*** Opening Data for analysis ***

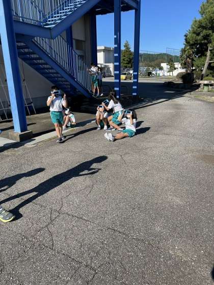10月21日(金) 3年生「太陽とかげを調べよう」 公開日 2022/10/21 更新日 2022/10/21 3年生 太陽を観察して、太陽の位置が変わるかを調べました。子供たちは初めて遮光プレートを使って空を見上げて「太陽が黄色い」「空が夜みたい」と声を上げていました。
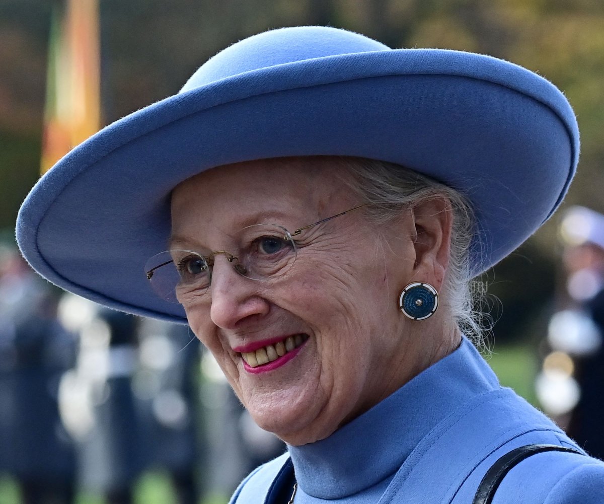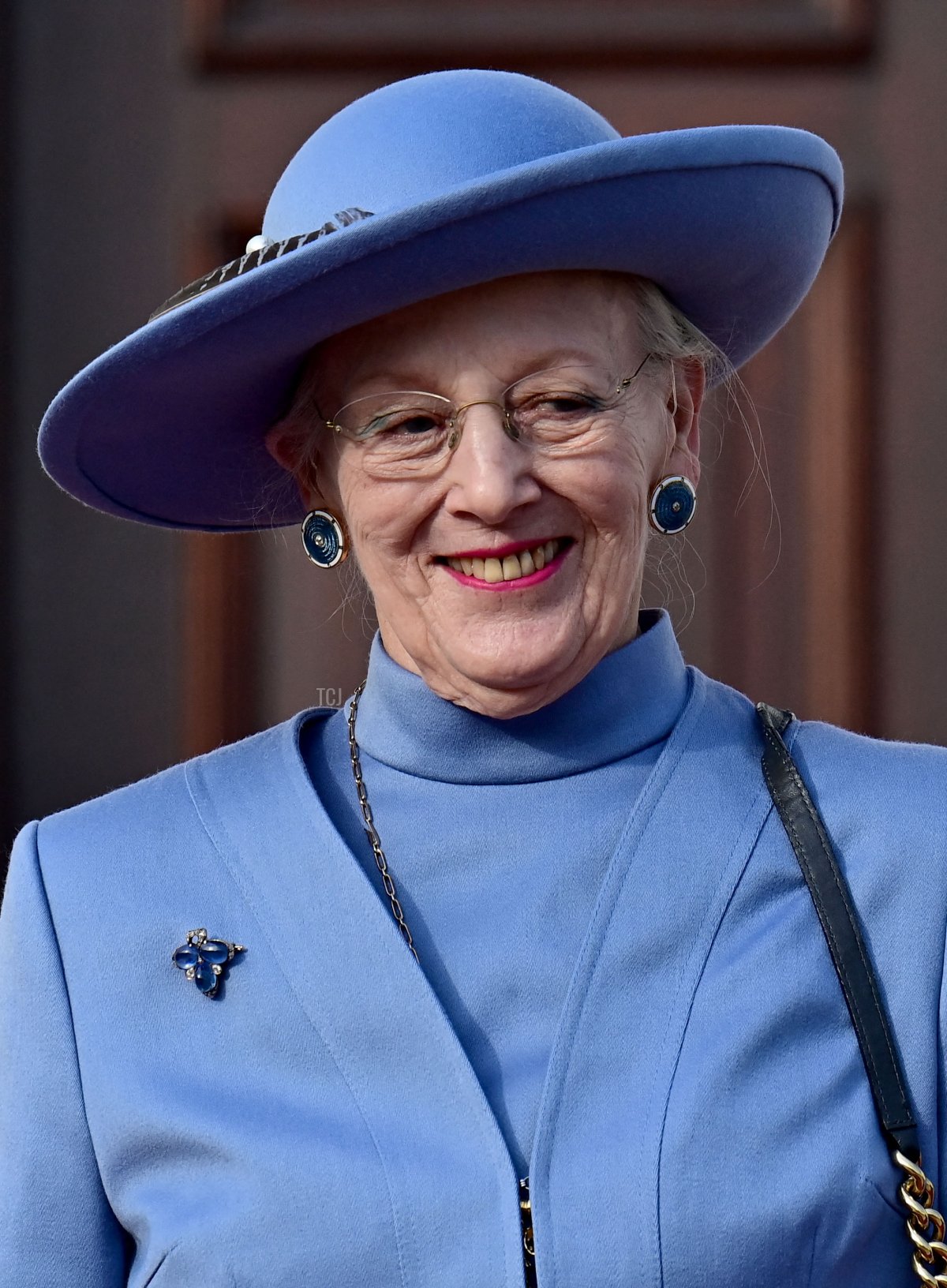 Queen Margrethe chose blue, one of her favorite colors, for her arrival ensemble. She added even more blue with an array of jewels in various shades of the same color.
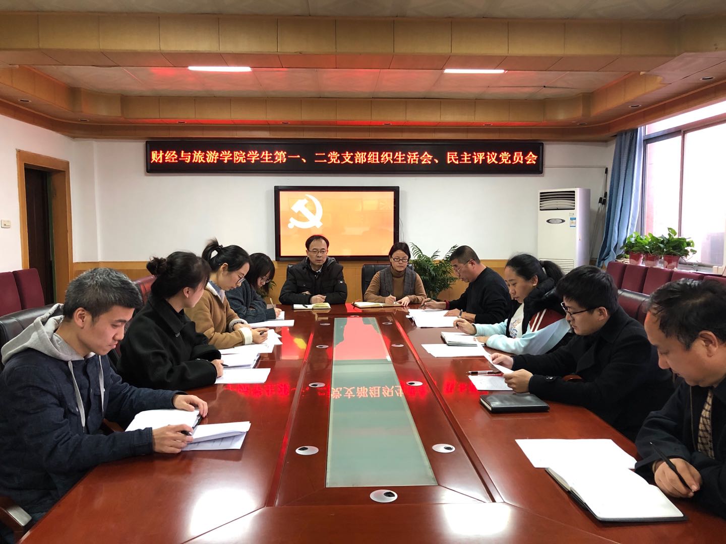 2019年12月6日下午,财经与旅游学院学生第一、二党支部在格物楼408会议室召开组织生活会暨民主评议党员会。学生第一党支部书记罗峰主持会议,学生第一、二党支部全体教师党员参加,财经与旅游学院党总支孙继龙书记,吴姗娜副书记到会督导。
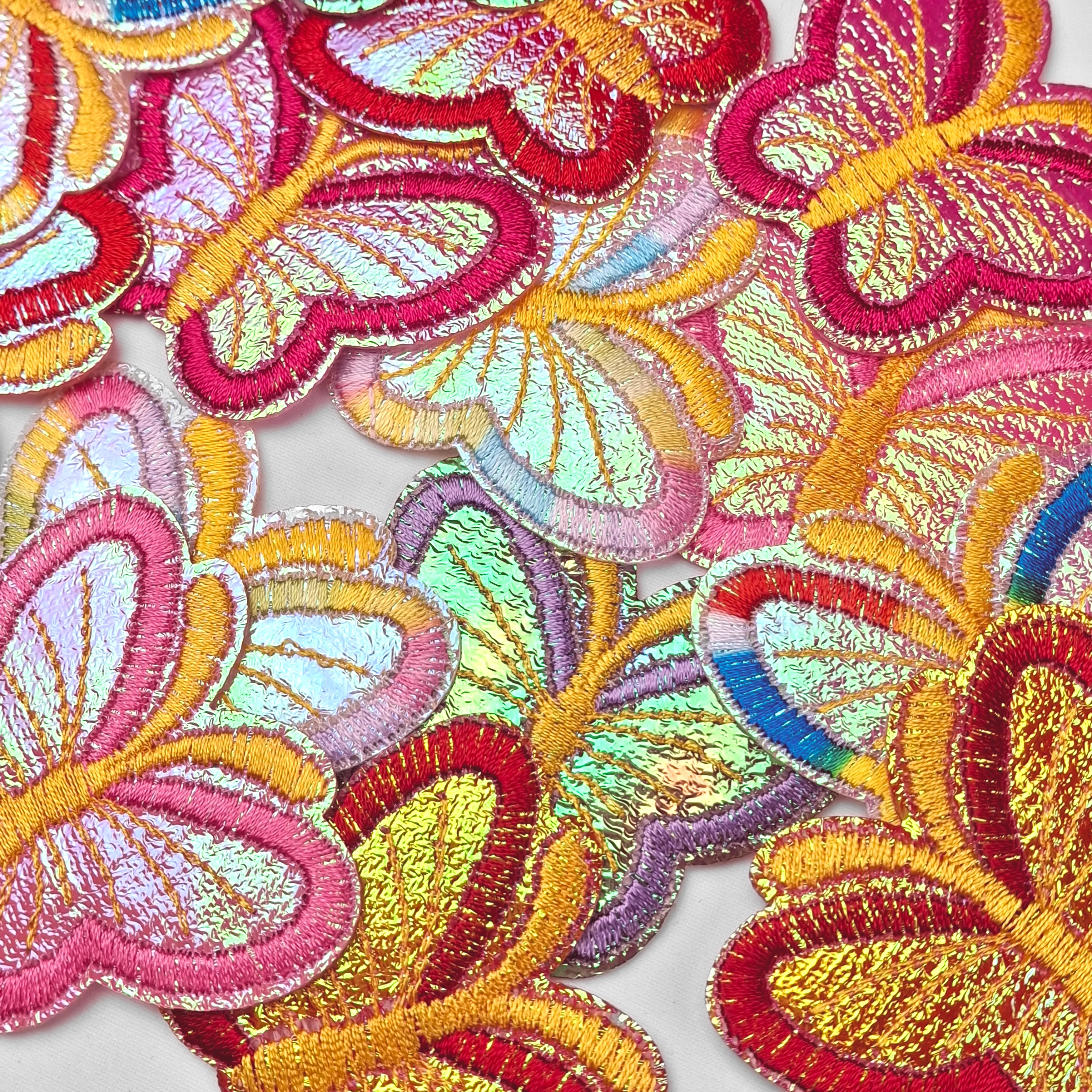 Vasalással rögzíthető irizáló rózsaszínes árnyalatú pillangó ruhacímke. Rugalmas, vízhatlan, selyem és hosszúszálú anyagon nem használható.
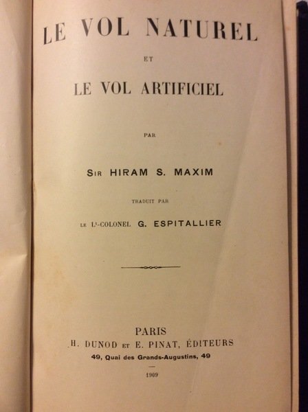 LE VOL NATUREL ET LE VOL ARTIFICIEL. - Traduit par le Lt-Colonel G. Espitallier.
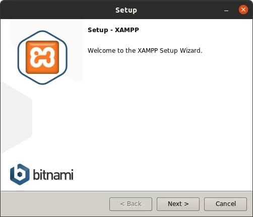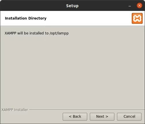 No momento em que você executar o comando de instalação, um assistente de configuração do XAMP será aberto. Clique no botão
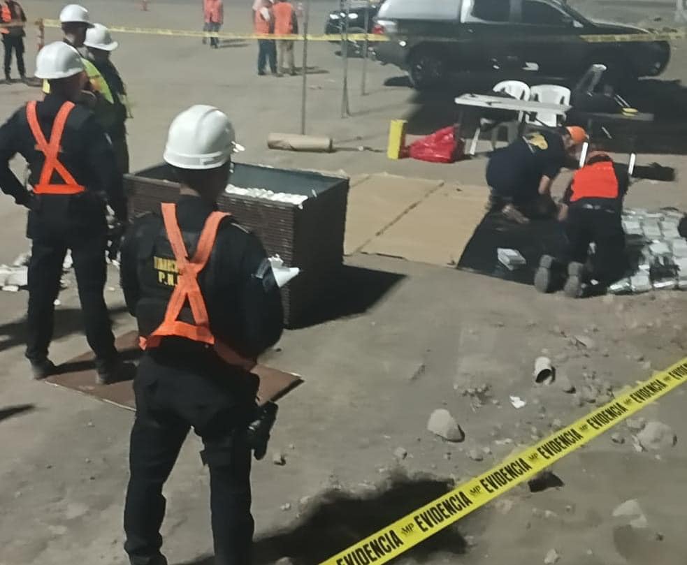 Las fuerzas Antinarcoticas SGAIA realiza inspección de un contenedor procedente de Costa Rica en las instalaciones de la terminal portuaria en puerto San José Escuintla, en donde se han confiscado varios kilos de droga.
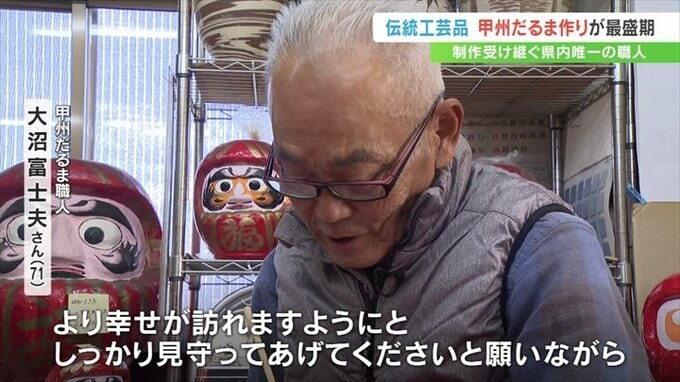 真剣な眼差しで筆を走らせているのは、今では山梨県内唯一という甲州だるま職人=大沼富士夫さん71歳です。
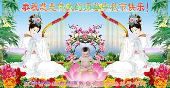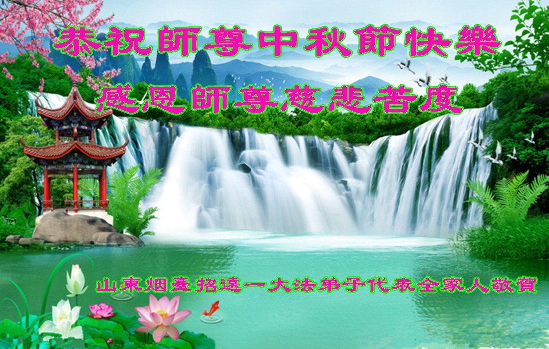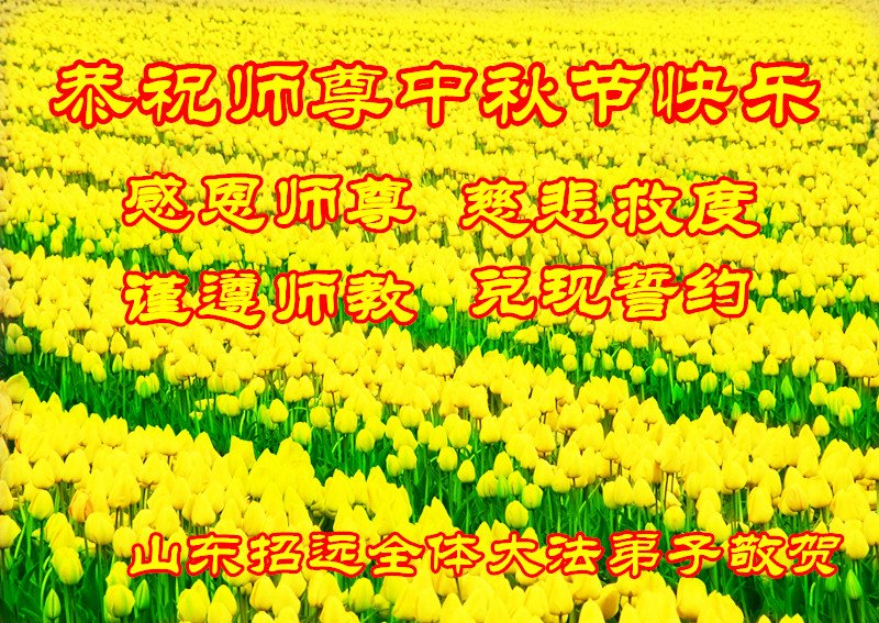 佳节倍思亲!我们招远全体大法弟子想念师尊。师尊您太辛苦了! 我们跟随师尊风风雨雨的走到了今天,我们在大法中不断的成长、成熟起来了,师尊为我们的承受和付出,弟子们无法想象,也无以回报,我们只能用我们对师尊、对大法的一颗真诚善良的心,和坚修大法的坚定信念,扎扎实实的做好我们应该做的事情,完成历史赋予我们的神圣的责任,兑现我们和师尊立下的誓约。 请师尊相信我们一定能做好的!谢谢慈悲伟大的师尊! 山东烟台招远一大法弟子代表全家人恭祝师尊中秋节快乐!

*** Closing Data for analysis ***

Work task – The output should hold only the lines from the one containing "LE VOL NATUREL" through the last line of the listing, reproduced exactly, pictures omitted.

Solution to this task –
 LE VOL NATUREL ET LE VOL ARTIFICIEL. - Traduit par le Lt-Colonel G. Espitallier.
 No momento em que você executar o comando de instalação, um assistente de configuração do XAMP será aberto. Clique no botão
 Las fuerzas Antinarcoticas SGAIA realiza inspección de un contenedor procedente de Costa Rica en las instalaciones de la terminal portuaria en puerto San José Escuintla, en donde se han confiscado varios kilos de droga.
 真剣な眼差しで筆を走らせているのは、今では山梨県内唯一という甲州だるま職人=大沼富士夫さん71歳です。
 佳节倍思亲!我们招远全体大法弟子想念师尊。师尊您太辛苦了! 我们跟随师尊风风雨雨的走到了今天,我们在大法中不断的成长、成熟起来了,师尊为我们的承受和付出,弟子们无法想象,也无以回报,我们只能用我们对师尊、对大法的一颗真诚善良的心,和坚修大法的坚定信念,扎扎实实的做好我们应该做的事情,完成历史赋予我们的神圣的责任,兑现我们和师尊立下的誓约。 请师尊相信我们一定能做好的!谢谢慈悲伟大的师尊! 山东烟台招远一大法弟子代表全家人恭祝师尊中秋节快乐!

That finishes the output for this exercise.